(Material shown begins)

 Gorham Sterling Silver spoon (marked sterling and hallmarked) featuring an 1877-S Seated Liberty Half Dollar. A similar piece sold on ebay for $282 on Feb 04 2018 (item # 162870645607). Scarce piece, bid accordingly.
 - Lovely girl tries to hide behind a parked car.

(Material shown ends)
(Material shown begins)

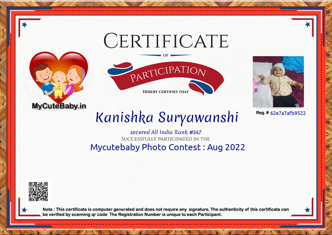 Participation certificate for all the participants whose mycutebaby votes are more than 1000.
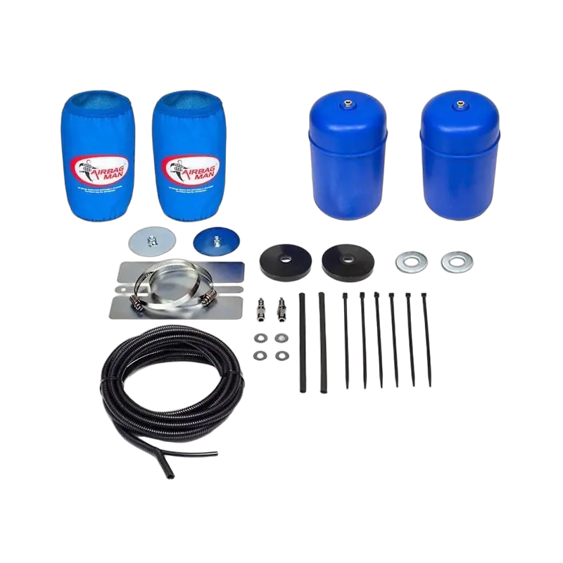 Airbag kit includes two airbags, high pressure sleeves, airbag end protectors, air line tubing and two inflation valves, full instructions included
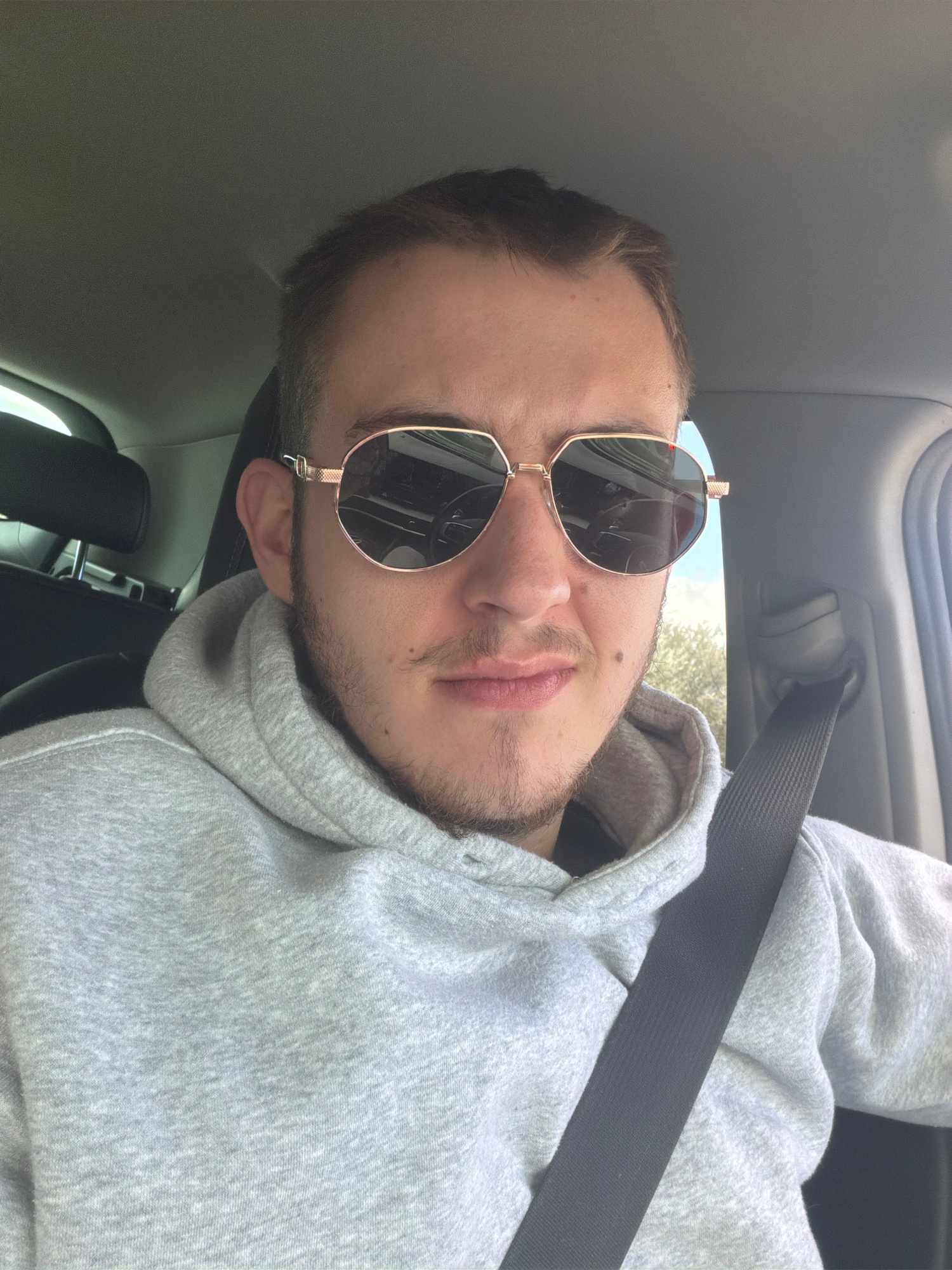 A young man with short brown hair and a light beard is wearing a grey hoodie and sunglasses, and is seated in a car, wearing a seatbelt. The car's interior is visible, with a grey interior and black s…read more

(Material shown ends)
(Material shown begins)

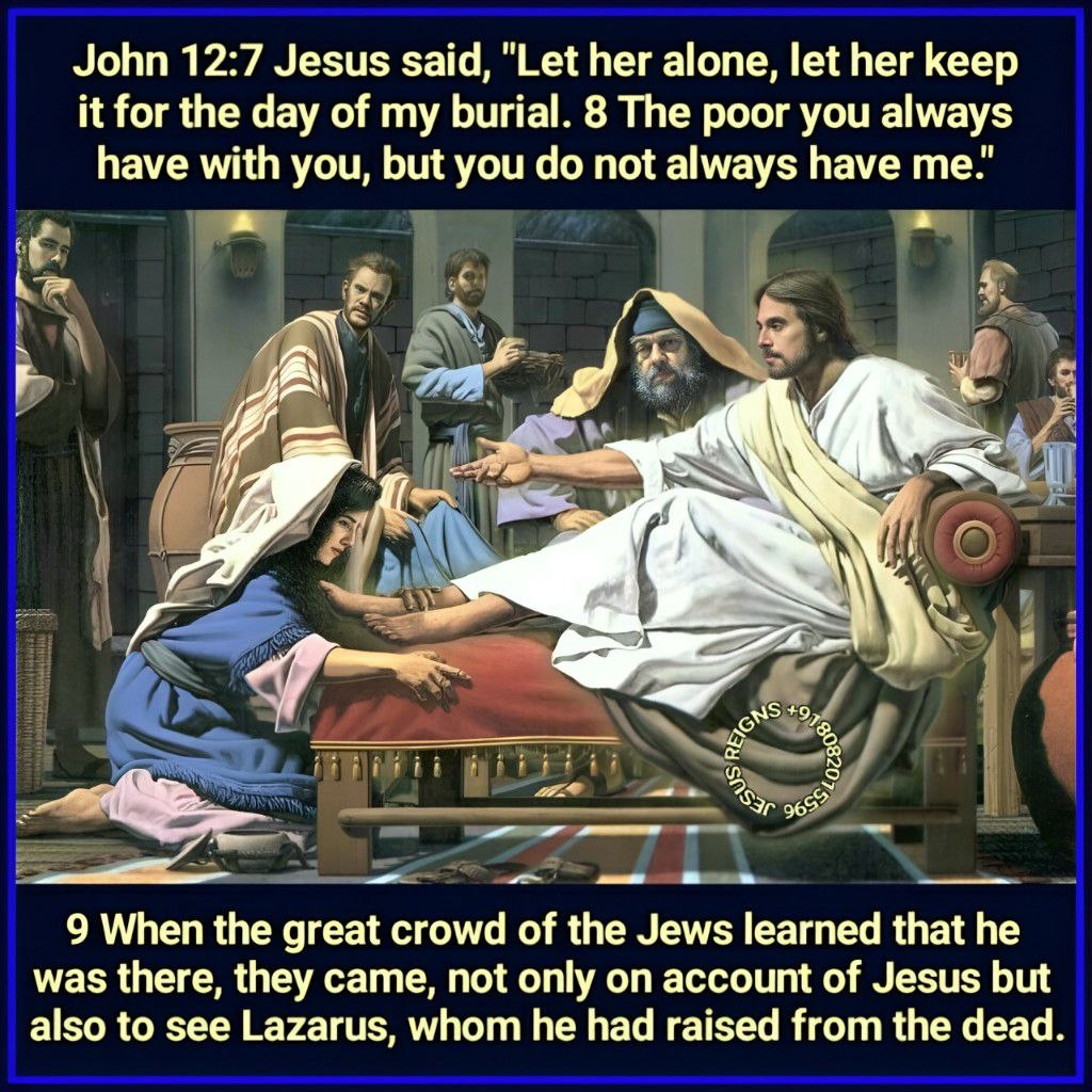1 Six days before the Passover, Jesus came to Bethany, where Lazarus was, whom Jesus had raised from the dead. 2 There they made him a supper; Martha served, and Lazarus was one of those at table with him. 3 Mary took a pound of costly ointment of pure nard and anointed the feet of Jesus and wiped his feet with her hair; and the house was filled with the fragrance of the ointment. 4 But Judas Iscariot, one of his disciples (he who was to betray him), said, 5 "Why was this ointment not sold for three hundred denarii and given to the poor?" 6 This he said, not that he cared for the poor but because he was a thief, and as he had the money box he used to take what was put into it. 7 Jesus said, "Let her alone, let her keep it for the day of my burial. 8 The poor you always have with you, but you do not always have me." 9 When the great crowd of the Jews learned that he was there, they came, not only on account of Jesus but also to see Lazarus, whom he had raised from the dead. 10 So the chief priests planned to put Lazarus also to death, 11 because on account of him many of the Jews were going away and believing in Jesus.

(Material shown ends)

## Goal of the exercise
For this exercise, please output exactly the lines above starting at the line with "Gorham Sterling Silver" and ending at the line with "- Lovely girl", ends included.

## Written solution
 Gorham Sterling Silver spoon (marked sterling and hallmarked) featuring an 1877-S Seated Liberty Half Dollar. A similar piece sold on ebay for $282 on Feb 04 2018 (item # 162870645607). Scarce piece, bid accordingly.
 - Lovely girl tries to hide behind a parked car.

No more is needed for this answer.